The iQ Equity ETF Growth Model

Investment Objective

The iQ Equity ETF Growth Model seeks capital appreciation by rotating among a curated set of 25 U.S. equity ETFs — spanning all major sectors, market cap segments, and select thematic areas — and holding only those with the strongest near-term momentum and the most compelling risk-adjusted performance. The model reconstitutes every February, May, August, and November.

Investment Process

The The iQ Equity ETF Growth Model draws from a focused universe of 25 equity ETFs covering U.S. sectors, broad market indices, and thematic areas:

Sectors: Consumer Discretionary (XLY), Consumer Staples (XLP), Energy (XLE), Financials (XLF), Healthcare (XLV), Industrials (XLI), Materials (XLB), Real Estate (IYR), Utilities (XLU) | Broad Market: S&P 500 (SPY), Nasdaq 100 (QQQ), S&P 400 Mid Cap (MDY), S&P 500 Growth (IVW), Dow Jones Industrial Average (DIA), Micro Cap (IWC) | Small Cap: S&P 600 Growth (IJT), S&P 600 Value (IJS) | Thematic: Semiconductors (SMH), Biotech (IBB), Aerospace & Defense (PPA), Banks (KBE), Gold Miners (GDX), Energy Infrastructure/MLPs (AMLP), Internet (FDN), Nasdaq Next Generation (VNQ)

Two independent passes run across this universe:

Stochastic Momentum: ETFs are ranked by 3-period stochastic and the top 5 advance — capturing those with the strongest immediate price momentum.

Relative Strength + Alpha: ETFs are ranked by 9-period relative strength, the top 15 advance, and then the bottom 5 by 24-period alpha are selected — identifying ETFs with strong recent momentum that have not yet fully priced in their longer-term outperformance potential.

The final portfolio holds up to 5 ETFs drawn from the 85th percentile of the combined ranking.

Potential Advantages

The universe strikes a deliberate balance between breadth and focus. Broad market and sector ETFs provide the stable core; thematic ETFs like Semiconductors (SMH), Biotech (IBB), and Internet (FDN) give the model access to pockets of the market that can generate outsized returns when their underlying themes are in favor. By including both, the The iQ Equity ETF Growth Model is not limited to index-level performance but is not chasing speculative niches either.

The two-pass structure gives the selection real texture. The stochastic pass finds what is moving right now. The relative strength plus alpha pass finds what has been outperforming on a sustained basis but where the alpha still has room to run. Together they favor ETFs with momentum that is both current and durable. The hold-until-top-15 buffer rule keeps the portfolio stable, avoiding the constant churn that undermines many momentum-based strategies.

Potential Risks: A momentum-driven model will always be somewhat late to a rotation — confirmed strength means some of the move has already happened.
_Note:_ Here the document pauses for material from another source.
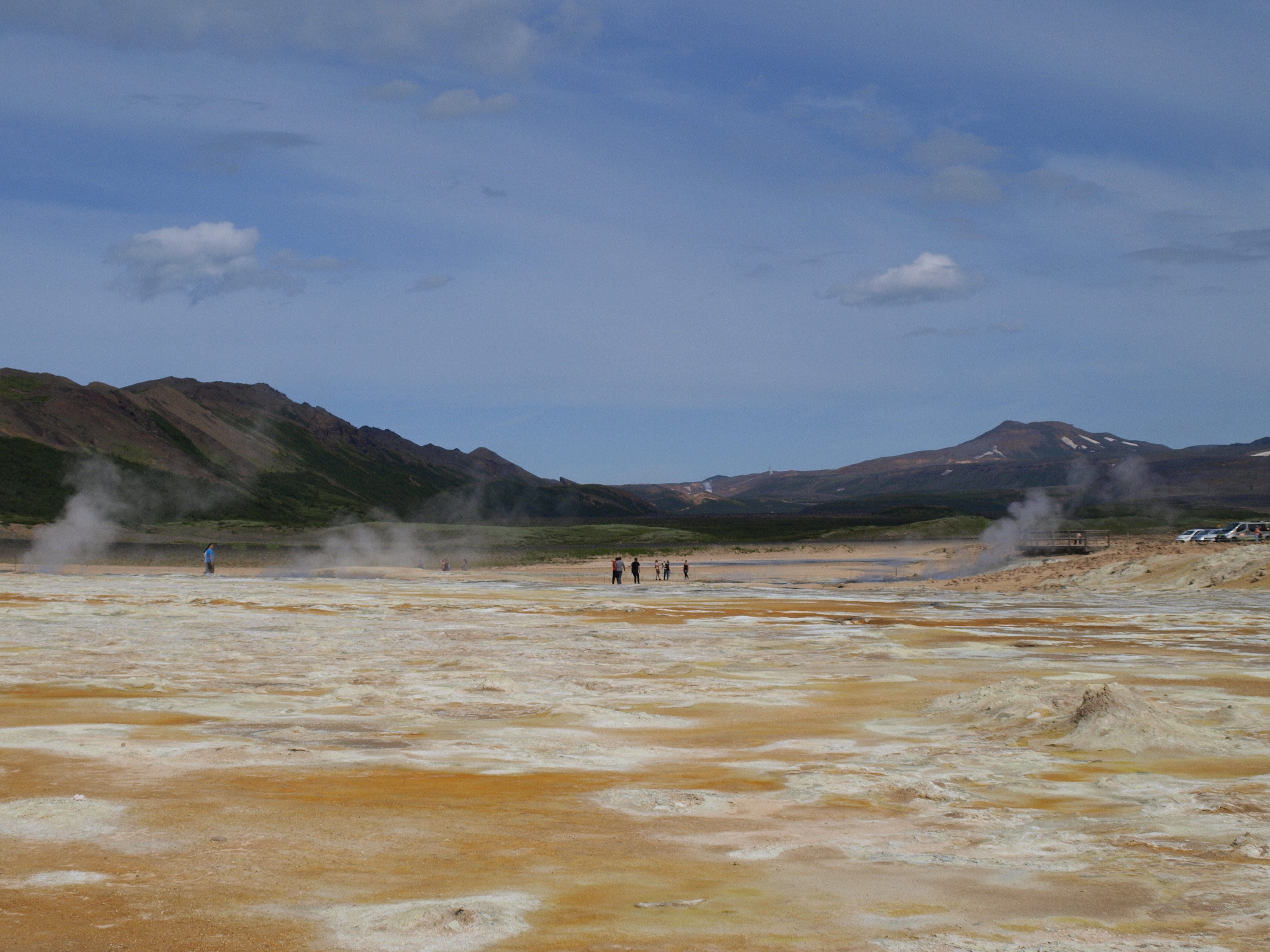Free image/jpeg, Resolution: 3648x2736, File size: 1.51Mb, thermal springs in valley, iceland picture with tags: thermal springs, geothermal, iceland, landscape, volcanic, valley, steam
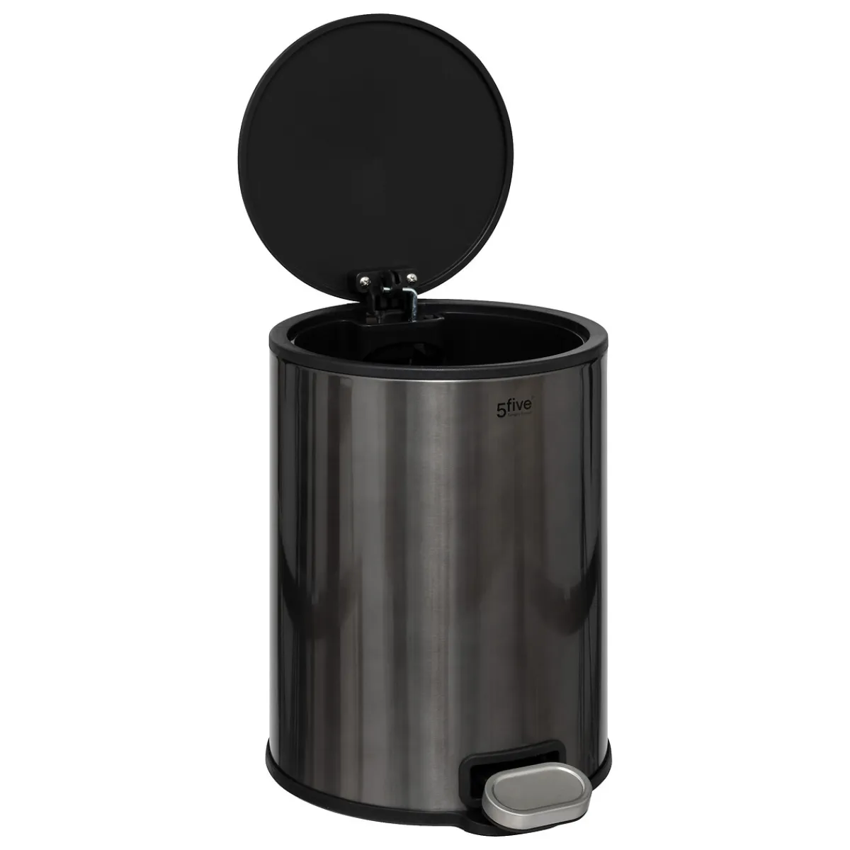 5five Botes De Basura Y Contenedores De Reciclaje>Cubo de basura negro de metal con pedal DELTA 6l

In fast-shifting markets, the quarterly reconstitution and the top-15 buffer rule can leave deteriorating positions in the portfolio longer than a more reactive process would allow. Thematic ETFs like Gold Miners (GDX) and Energy Infrastructure (AMLP) can be highly volatile and cyclical, and when they are in favor the model may concentrate there in ways that feel uncomfortable relative to a broad equity benchmark.